00:39:15   they host their backend thing there, and Crashlytics, the big, powerful,

00:39:20   and lightest weight crashing report solution, which is a previous sponsor of my site,

00:39:25   Mac Mini Vault as part of its testing and development

00:39:28   environments.

00:39:28   That's pretty cool.

00:39:31   They have like 700 Mac Minis now,

00:39:32   over 900 pre-wired slots for the future.

00:39:34   They are well set to expand greatly with all of you

00:39:38   going and creating accounts there.

00:39:39   So go to macminivault.com/try, start a free demo,

00:39:44   and use our promo code ATP50 to get 50% off.

00:39:47   Thank you to Mac Mini Vault for sponsoring.

00:39:50   50%.

00:39:51   That is the new winner for largest percentage

00:39:53   off of a sponsor of the show, I think.

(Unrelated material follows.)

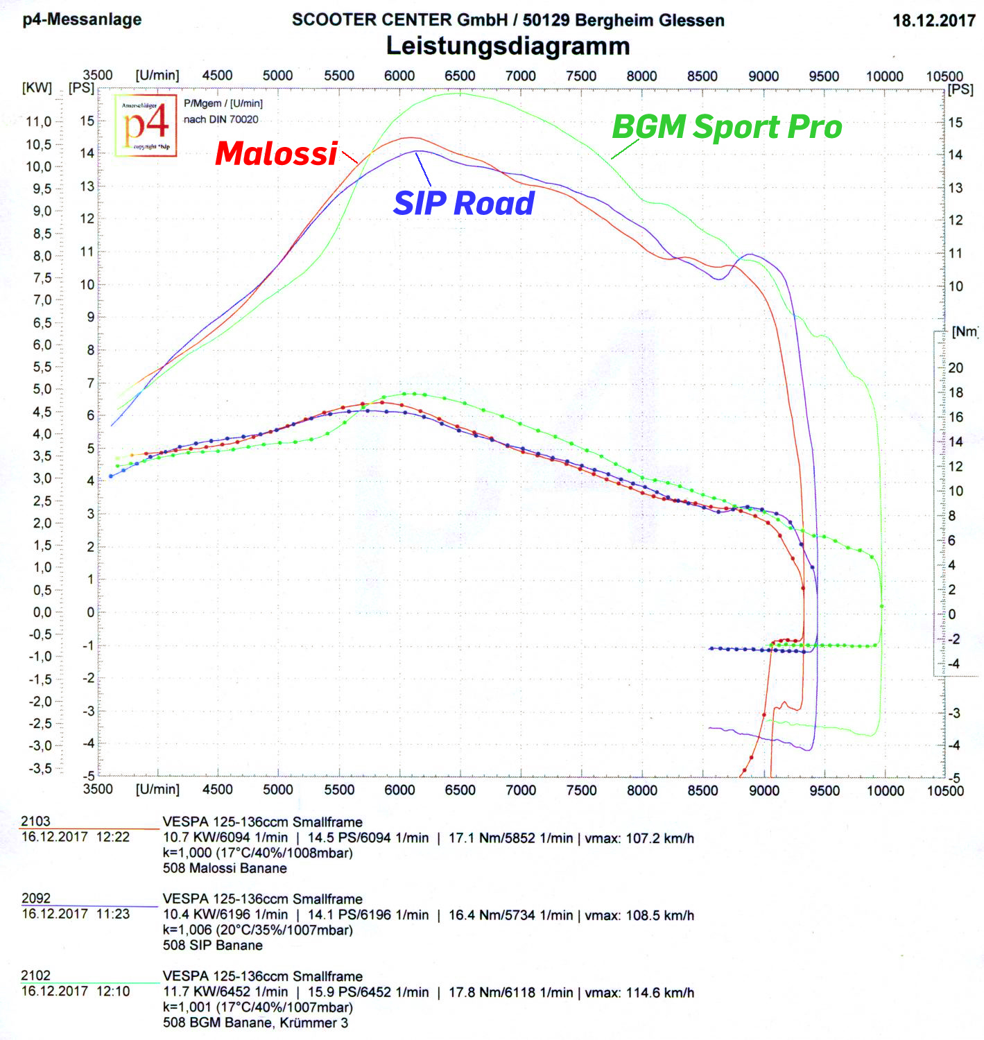 El BGM Pro Banana en la versión SPORT ofrece un aspecto discreto con los valores de rendimiento de un escape de carreras. Comienza a resonar a partir de aproximadamente 5000 rpm y luego empuja hacia adelante con mucha fuerza. Por lo tanto, es actualmente el sistema de escape más potente disponible en el característico diseño en forma de plátano del escape estándar de los modelos Vespa ET3.

00:39:55   50% for the first three months.

00:39:57   I was about to comment as well that good for them,

00:40:00   for really showing they mean business.

00:40:03   I wonder if the existence of the Mac Mini

00:40:05   contributed to Apple's decision to discontinue the X serve.

00:40:09   Oh, I definitely did.

00:40:10   Like we have accidental tech podcasts,

00:40:12   they have accidental server hardware.

00:40:15   Because I don't think they made the Mac Mini thinking,

00:40:17   this is going to go right in the data center.

00:40:19   But as soon as they made a machine that shape,

00:40:21   or like stick on a hundred of those in 2U rack.

00:40:25   - I kind of feel like the Mac Mini,

00:40:26   you know how like when Steve Jobs introduced

00:40:29   the Motorola Rocker phone, that terrible iTunes phone

00:40:32   that came out before the iPhone?

00:40:34   And you could tell when Steve introduced that,

00:40:36   and Gruber wrote about this a while ago,

00:40:38   you could tell like he just really did not like it.

00:40:40   He did not like the product,

00:40:42   he did not like that it had to exist.

00:40:44   Like the market was demanding something like that

00:40:47   and so they made it kind of reluctantly

00:40:49   And he just kind of like shat it out there

00:40:51   and was OK with it.

00:40:53   I think the Mac Mini was kind of like that for him.

00:40:57   I don't think he gave a crap about the Mac Mini.

00:41:00   And obviously, it's a very low priority for Apple

00:41:04   most of the time.

00:41:05   They hardly ever update the thing,

00:41:06   even when the other things get updated with the same CPUs.

00:41:09   It's obviously a low priority, but they keep it around

00:41:12   because they probably do sell a good number of them.

00:41:14   But it's always kind of seemed like this product

00:41:17   that they reluctantly keep in their lineup.

00:41:19   because people do love it way more than Apple seems to.

00:41:23   - Well, Jobs was probably sore about the cube thing still.

00:41:25   And he's like, "You know, I made this machine

00:41:28   "when it was much better looking

00:41:29   "and you guys didn't want it, but whatever."

00:41:30   Here you go. (laughing)

00:41:32   It's aluminum now, it's small,

00:41:33   it doesn't have the cool glass.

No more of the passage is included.